Jenis Pukulan Ikan Cupang Aduan

Ikan Cupang Aduan biasanya mempunyai pukulan andalan.

Ada beberapa gaya pukulan cupang adu jagoan, yaitu:

- Pukulan baling
Pukulan ini dilancarkan dengan cara membalikkan badan 180° kearah lawannya.

- Pukulan nombak
Pukulan ini dilancarkan dengan cara membenturkan wajah ketubuh lawan seperti tombak yang menancap ke sasaran.

- Pukulan sentak | motes
Pukulan ini didahulai dengan menggigit tubuh lawan, lalu gigitan itu disentakkan seperti ditarik atau motes.

- Pukulan seri | ropel
Pukulan ini dilancarkan secara berulang – ulang dalam tiap serangan.

- Nombak sentak
Pukulan ini dilancarkan dengan cara tubuhnya dibenturkan ketubuh lawan, digigit, kemudian disentakkan.

- Nombak baling sentak
Pukulan kombinasi yang  dilancarkan dengan cara membalikkan tubuh terlebih dahulu, kemudian menombak, yang diiringi dengan gigitan dan menyentakkannya.


- Baling  seri
Pukulan kombinasi yang  dilancarkan berkali-kali, dengan cara membalikkan tubuhnya.


- Nombak baling seri
Serangan kombinasi yang  merupakan pukulan nombak berkali-kali, lalu tubuh lawan digigit, dan disentakkan.

Pukulan kombinasi biasa disebut juga dengan pukulan andalan atau pukulan pamungkas.
Agar dapat meraih kemenangan, pukulan andalan hendaknya terarah pada daerah yang fatal.

 Adapun bagian tubuh yang fatal yaitu:

- Pangkal ekor
Pada bagian ini sisik ikan cupang adu lebih kecil dan mudah terlepas.
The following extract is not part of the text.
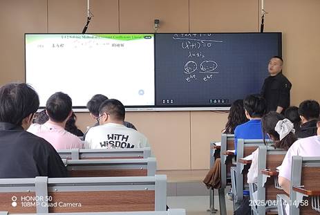 4月16日:曹慧老师和金凯老师分别讲授了《近世代数》和另一场《高等代数二》课程。两位老师各具特色,用各自独特的教学方法激发了学生们的学习兴趣。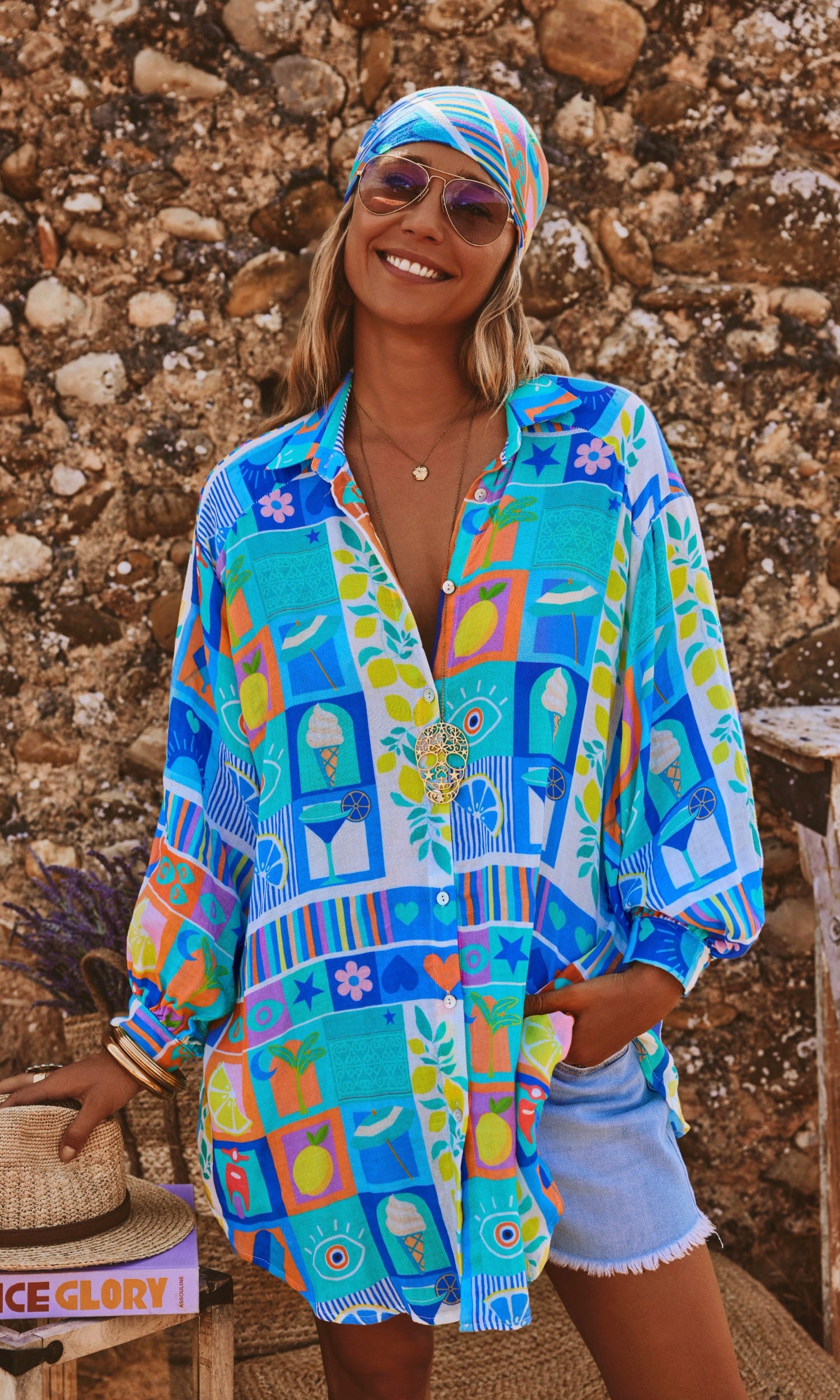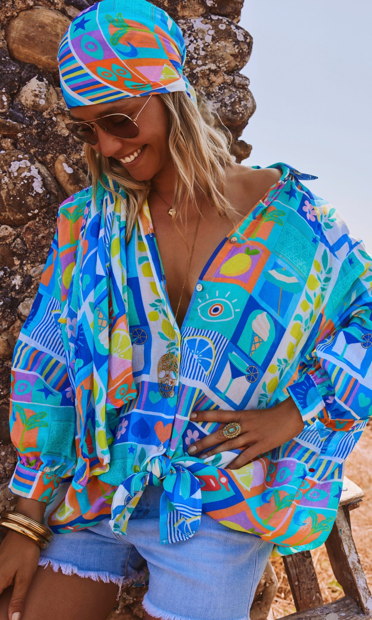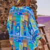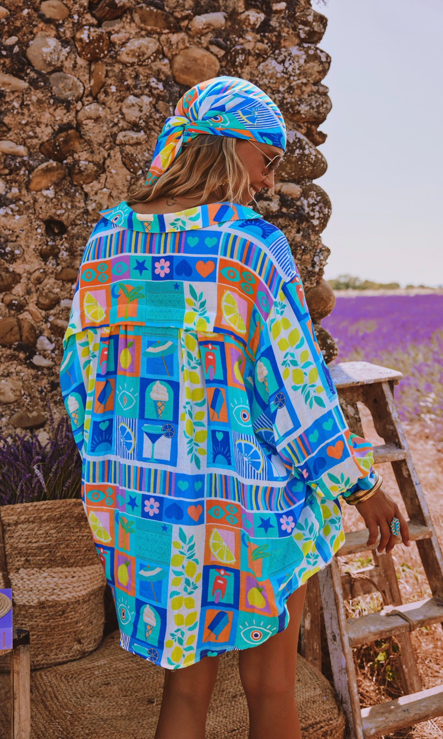 Son imprimé Bleu Lemon Life et son effet de transparence ajoutent une touche audacieuse à cette pièce arrondie en partie basse.

Hal ini dapat menyebabkan ikan sulit berenang.

-Perut
Yaitu daerah perut dan sambungan leher. Kalau daerah ini cidera ikan akan kehilangan keseimbangan dan sulit berenang.

-Ring bibir
Jika ring  bibir cidera atau sobek, ikan tak mampu melukai lawan. Hal ini dapat mengakibatkan kekalahan.

-Mata
Ini akan menyebabkan ikan cupang aduan tidak dapat melanjutkan pertempurannya.